Полюбил тасоваться на станции, у железнодорожного вокзала. Тут выпрашивал на бутылку или на чекушку, напивался, валялся, попадал в вытрезвитель. Мать оплачивала пребывание сына в этом заведении, а он снова попадал туда через неделю. Здесь произошло то страшное, отчего его жизнь потеряла последний смысл. Пьяный, он захотел перейти от вокзала на ту сторону, в посёлок, где жил дружок Вадик. И, пробираясь через пути, попал под электровоз, который маневрировал, чтобы прицепить приготовленный к рейсу разгруженный состав. Володе отрезало ноги. Врачи спасли ему жизнь. Но он стал полным беспомощным инвалидом. Теперь он больше всего находился дома, ездил на коляске по посёлку, выпрашивал на водку и почти всегда был навеселе. Он издевался над матерью, над её усилиями облагородить его жизнь с помощью чтения, или окружить его друзьями, организуя прямо на дому молодёжные вечера, но он отверг и то, и другое. С перепоя, когда она сопротивлялась его просьбам дать на похмелье денег или чего – нибудь спиртного, он кричал так, что слышали в соседних дворах:
– Ты, это ты виновата. Ты виновата, что я такой! Я ненавижу тебя, ненавижу тебя!

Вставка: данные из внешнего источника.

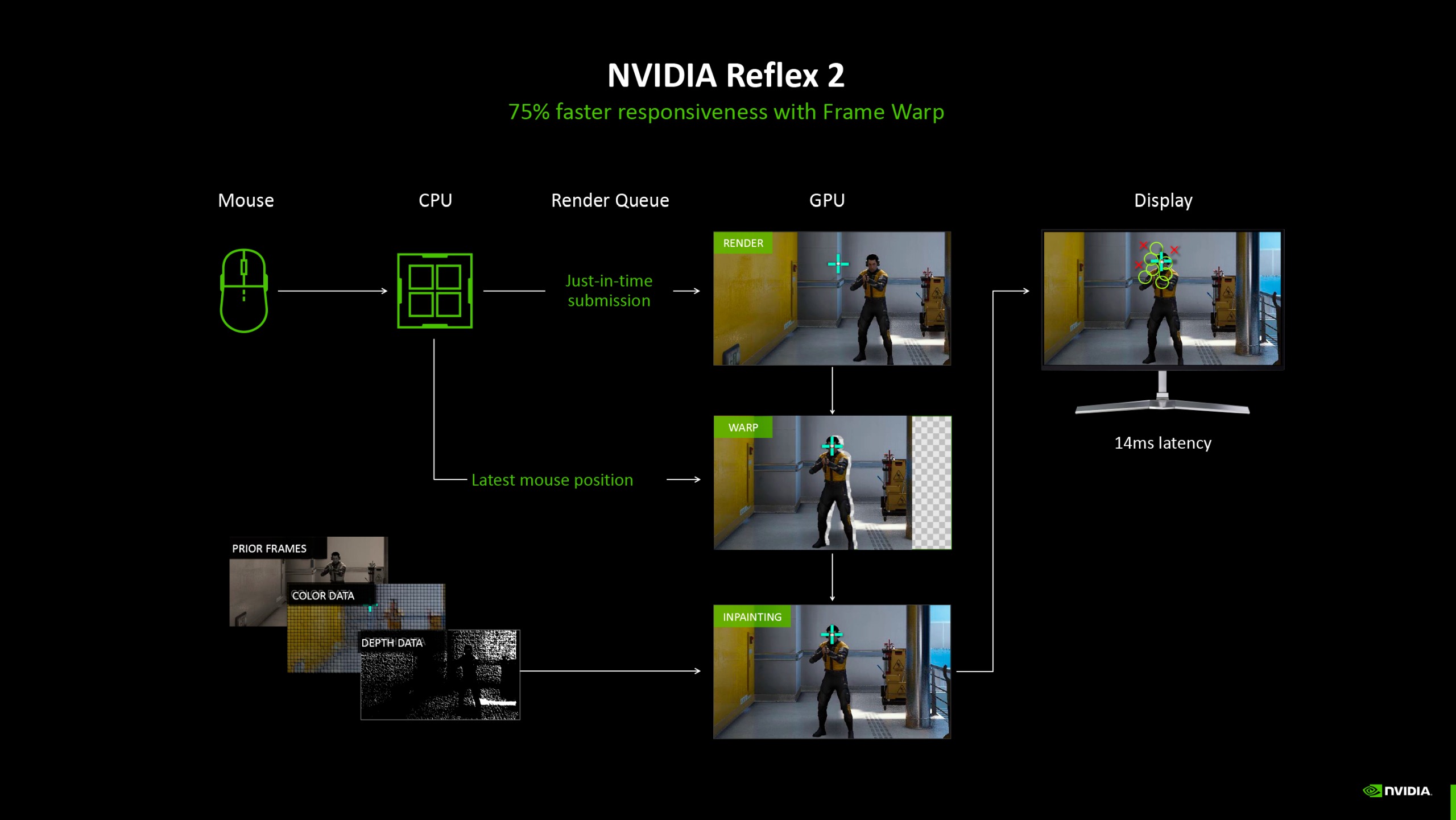 Зворотним боком генерації є збільшення затримок введення. Кадрів більше, але реакція на ваші дії швидшою не стає, що породжує певний дисонанс і не дає відчуття комфорту. Раніше це компенсувала технологія NVIDIA Reflex, яка знижувала затримки завдяки оптимізації конвеєра CPU-GPU. Тепер доступна технологія NVIDIA Reflex 2, яка йде далі й дає змогу враховувати зміщення об’єктів ще до повного відтворення кадру. Для цього знадобилося ввести «прогностичний рендеринг» (Predictive Rendering) із заповненням порожніх областей даними сусідніх кадрів. Але в підсумку гравці отримують не тільки високий фреймрейт, а й гідну реакцію на свої дії.

Мать плакала, уговаривала его – бесполезно!
Не выдержав и не узнавая в грубом мужике своего Володечку, мать потеряла голову, и, однажды, во время очередной стычки с сыном, замахнулась на него и ударила тем, что попало под руки – это оказалась настольная лампа, она изуродовала ему лицо. Потом вызвала скорую и полицию и объявила себя виновной. Её посадили под стражу. Но сын отказался от обвинения. Её выпустили, и опять они жили вместе, понимая и не принимая  друг друга. Однажды она застала его за подготовкой петли. Он хотел повеситься. Она упала перед ним на колени и умоляла не делать этого, пожалеть её.
И так повторилось несколько раз, но было  невозможно  её обмануть или обвести. Она чувствовала, если он опять задумывал суицид, и всегда оказывалась рядом.
 Перед Новым, 1989 годом, соседи заметили, что нет дыма над их домом. Заглянули в окна и  рассмотрели, что они полулежат за столом в горнице друг против друга. Оба были мертвы. Экспертиза установила отравление. Кто из них это сделал, где они взяли яд,  так и не узнали, но из жизни ушли вместе любящая мать и несчастный, испорченный её любовью сын.